- Opening Delimiter -
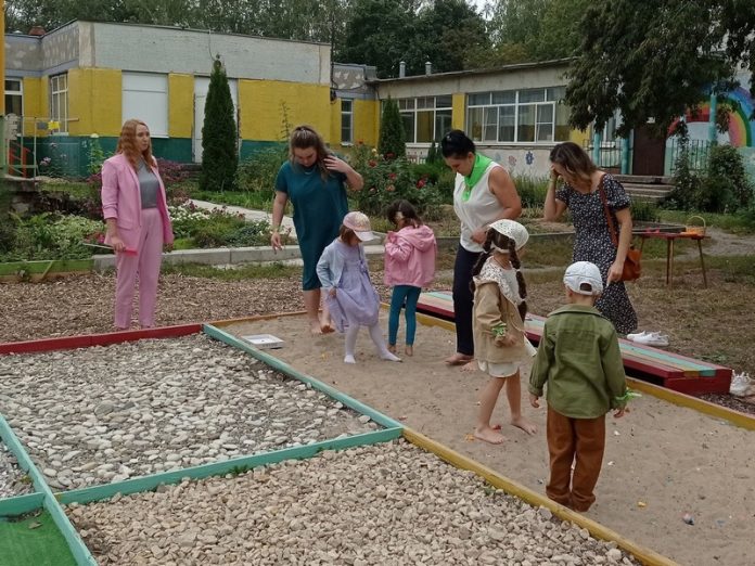 «Ребенку для нормального развития обязательно нужна так называемая сенсорная нагрузка, сенсорные впечатления, – отметила заведующая Рязанским детским садом Елена Буркина. – Наш сад предоставляет их в полной мере: здесь можно гулять, нюхать цветы, наблюдать за шмелями, валяться на сене, слушая, как воспитатель читает сказку, ходить босиком по «Тропе здоровья» – специальной зоне, отсыпанной камнями разной величины и фракции».
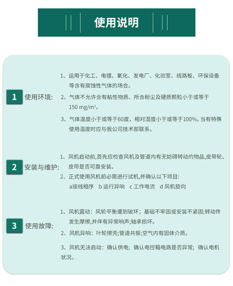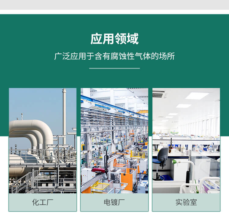 適用于化工廠、紡織、電鍍、實(shí)驗(yàn)室等場所排送含有一定濃度的酸、堿、鹽等腐蝕性氣體,也可以作為一般工廠的建筑物通風(fēng)換氣用
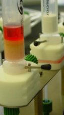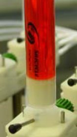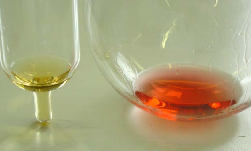 分離結(jié)果如下圖,紅色的偶氮玉紅不能被吸附在柱子上,直接被洗到容器里(右側(cè)),其它被洗脫到接收瓶(左側(cè)),蒸發(fā)完之后,分餾的樣品被濃縮到一定的體積,使用 Syncoreplus 的 SPE 高級模塊的便捷高效的樣品前處理過程至此就已完成。
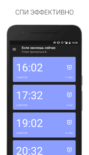 Sleep Time - приложение поможет вам рассчитать время, чтобы заснуть или проснуться так, чтобы сон был кратен средней продолжительности цикла сна (90 минут), поскольку многие специалисты рекомендуют спать в интервалах, кратным циклам сна.
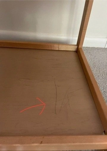 *Second shelf has child's smiley face drawing as shown and imperfections
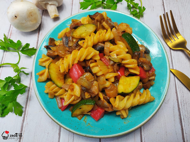 Makaron z warzywami czyli szybki, bezmięsny obiad, który przygotujecie dosłownie w kilka chwil. Smacznie i pożywnie. Danie to jest bez mięsa, więc doskonale pasuje na piątkowy obiad. Idealna propozycja dla osób zapracowanych kiedy to jest mało czasu na przygotowanie obiadu. Dla mnie takie danie to rewelacja, rodzince również smakowało 🙂
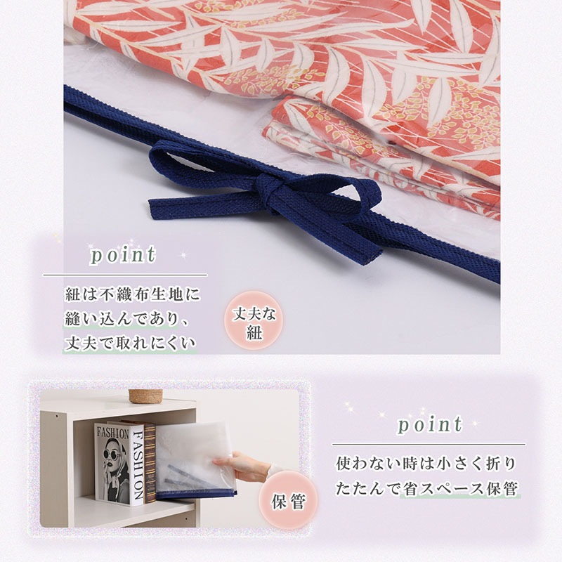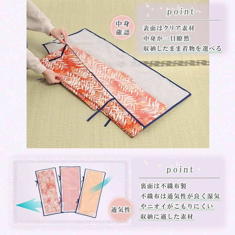 ●表面は前面透明素材だから着物がよく見える。袋ごと並べてディスプレイにも。
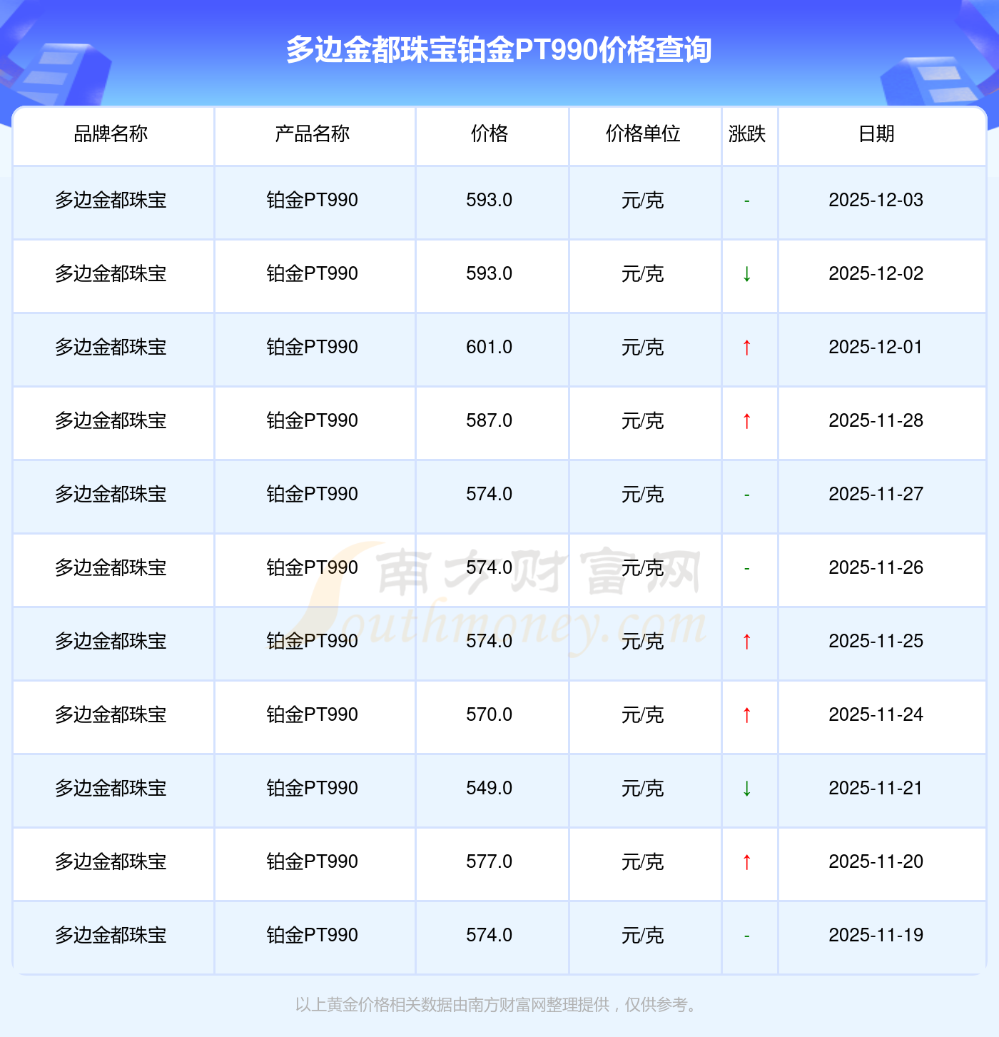 今日(2025年12月4日),多邊金都珠寶鉑金PT990價格:593.0元/克。
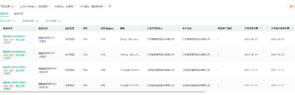 据药融云数据库,目前恒瑞医药共有在使用的糖尿病用药相关批文4条,涉及2个品种,其中磷酸瑞格列汀片、脯氨酸恒格列净片为独家新药品种。
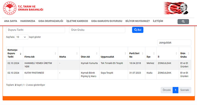 Tarım ve Orman Bakanlığı, taklit-tağşiş yapılan ve sağlığı tehlikeye düşürebilecek gıdalar listesini yayınladı. Listede Zonguldak’tan iki firma da yer aldı.
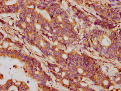 IHC image of CSB-PA009349ESR1HU diluted at 1:132 and staining in paraffin-embedded human colon cancer performed on a Leica BondTM system. After dewaxing and hydration, antigen retrieval was mediated by high pressure in a citrate buffer (pH 6.0). Section was blocked with 10% normal goat serum 30min at RT. Then primary antibody (1% BSA) was incubated at 4°C overnight. The primary is detected by a biotinylated secondary antibody and visualized using an HRP conjugated SP system.
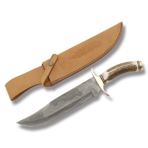 Fox-N-Hound Damascus Bowie.?Fox-N-Hound Bowie de Damas. Taille totale : 38 cm. lame de 24,7 cm en acier Damas. Cerf manipuler avec garde de laiton et d'arçon. Fourreau en cuir brun.
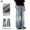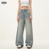 Jeans rectos lavados y desgastados de estilo retro americano de 11KN para mujer en Europa y América, pantalones largos holgados y de alta gama para la calle, ins
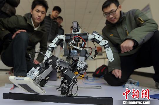 大学生展示“具有越障功能的人形机器人”,该机器人能识别道路信息,实现双足行走及跨越障碍。 泱波 摄
- Closing Delimiter -
### Exercise
Each line from the one that contains "Jeans rectos lavados" to the end of the listing must be quoted exactly; no other line and no picture belongs in the copy.

### Answer space
 Jeans rectos lavados y desgastados de estilo retro americano de 11KN para mujer en Europa y América, pantalones largos holgados y de alta gama para la calle, ins
 大学生展示“具有越障功能的人形机器人”,该机器人能识别道路信息,实现双足行走及跨越障碍。 泱波 摄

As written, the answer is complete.